We only own 1 timeshare (resale), but have used StarOptions several times to book reservations at WMH, WKORV, and our home resort, WKV.  We also deposited the small side once, and got our same resort/season deposited to II.

I have always experienced great customer service, and can't think of a single glitch.  We have also had excellent results with resort availability, although we do tend to travel in the shoulder seasons, and have not tried WSJ or Harborside.

In fact, on a few occasions, we have not been charged the $29 change fee when we could have been.

In some ways, I would welcome the idea of having an on-line booking system but I can't honestly say the current system has been a problem.  And, I would hate to see an expensive computer system somehow result in MF increases. 

Considering the resort quality, availability, and the customer service we've received, SVO has worked great for us.


----------



## StarwoodCanadafan (Oct 5, 2008)

*Hi.. Thread was asking for experiences with SVO Management..*

.. not just experience booking resorts and general customer service. 

Thanks though..



Lewis said:


> We only own 1 timeshare (resale), but have used StarOptions several times to book reservations at WMH, WKORV, and our home resort, WKV.  We also deposited the small side once, and got our same resort/season deposited to II.
> 
> I have always experienced great customer service, and can't think of a single glitch.  We have also had excellent results with resort availability, although we do tend to travel in the shoulder seasons, and have not tried WSJ or Harborside.
> 
> ...


----------



## StarwoodCanadafan (Oct 5, 2008)

*In this economic environment...*

Vacation Ownership would be the first to dry up, as people reduce their discretionary spending. I agree...



R Chen said:


> In this economy, doesn't make sense.
> 
> 1. It would have to sell at same price as "new" units or otherwise compete against itself and never be able to sell at their developer price.
> 
> ...


----------



## ckg (Oct 5, 2008)

LisaRex said:


> I've speculated that for a few months, based on two main things:
> 
> a) Sales are way below projections
> b) There's a lack of new developments, which is the lifeblood of timeshares.  Given that it takes 2-3 years to get a resort built, there's nothing to sustain SVO in the near and mid-term.

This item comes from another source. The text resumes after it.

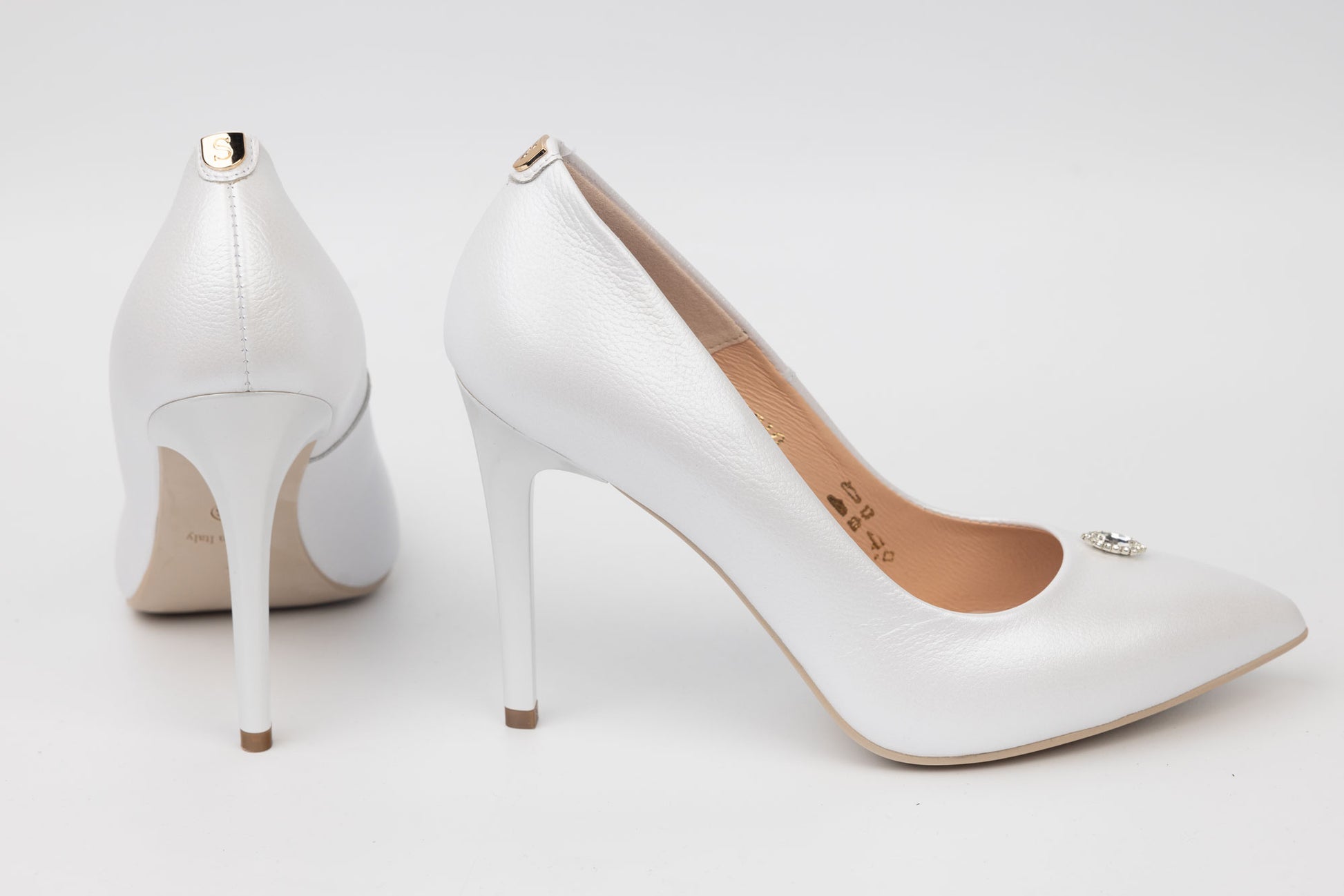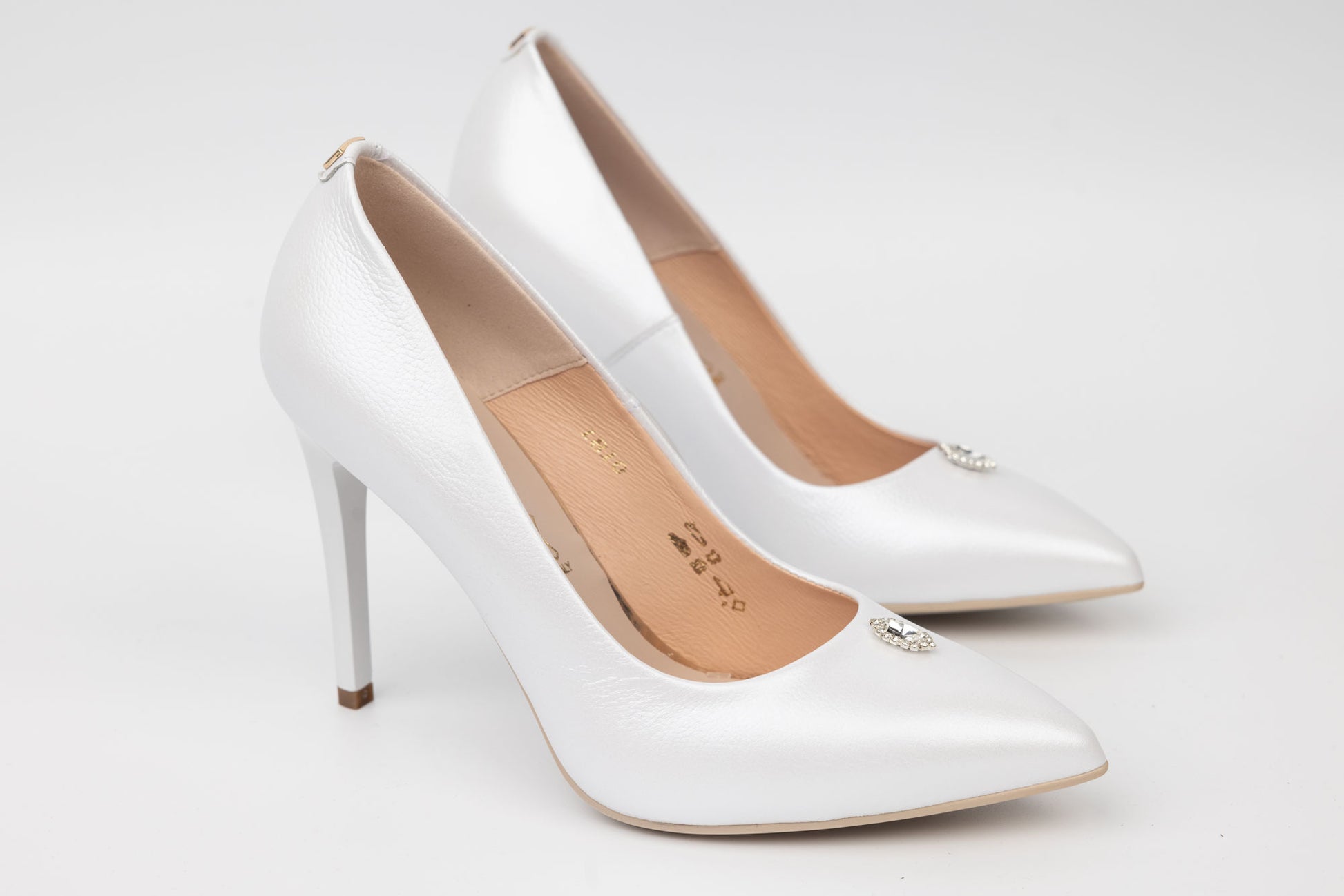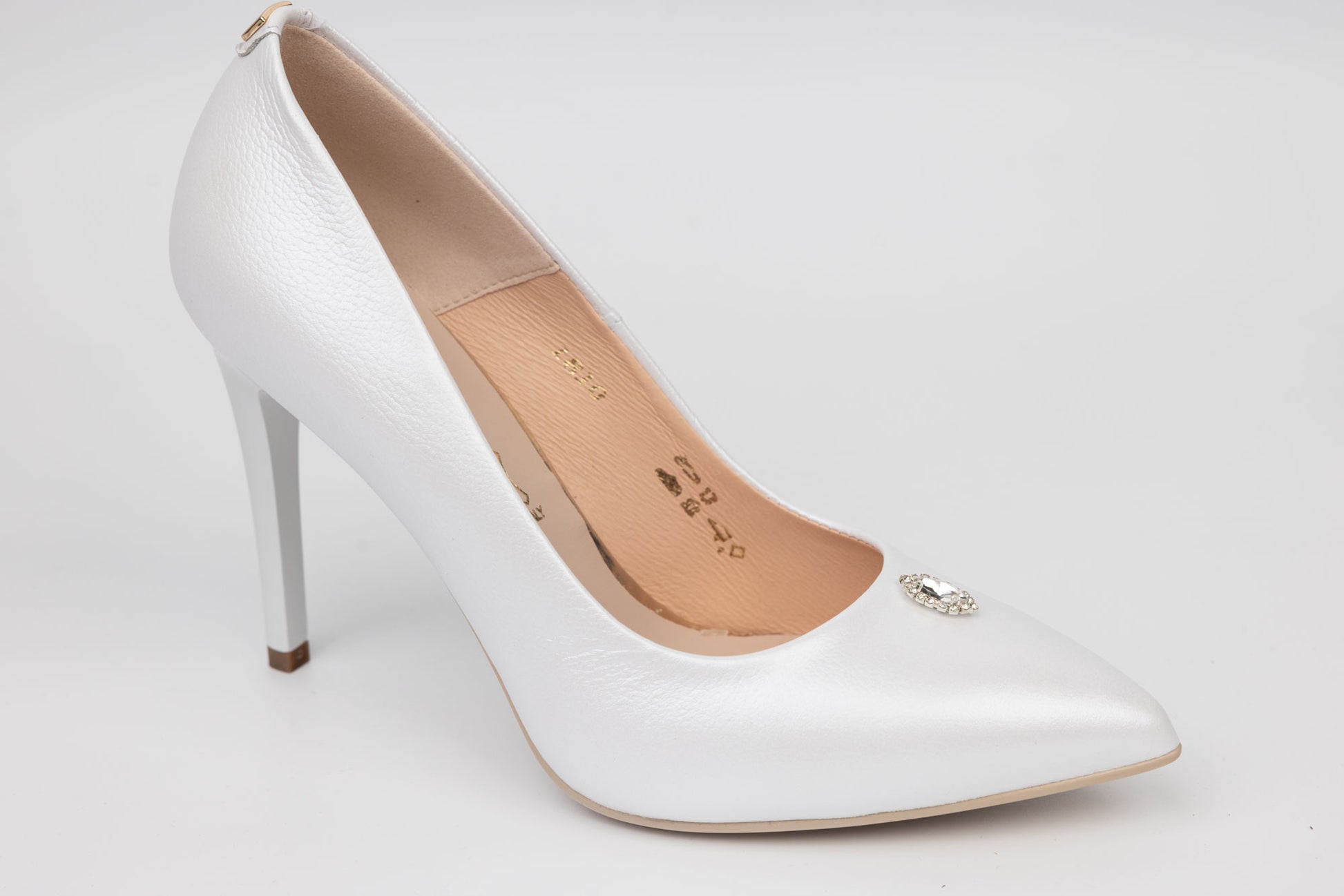 Pantofi mireasa din piele naturală SALA 1810 alb Cristal mic

I could not agree more with this.  I "own" at DVC and their location (an IMO flexibility) are their key assets.  I have been looking at ideas for another non Disney timeshare I can reasonably trade and use and so have been looking at Starwood an Marriot. I see no new resorts at Starwood which stinks.  Not much appeal in expansions (big whoop!).  Also I think there offerings are essentially limited to US properties which as the kids get older will get boring.  

I am surprised they do not do a ROFR like Disney to reduce secondary market sales.  There really is very little incentive for those in the know to buy direct as far as I can see (really only SVN at some properties).   That has gotta hurt their bottom line.  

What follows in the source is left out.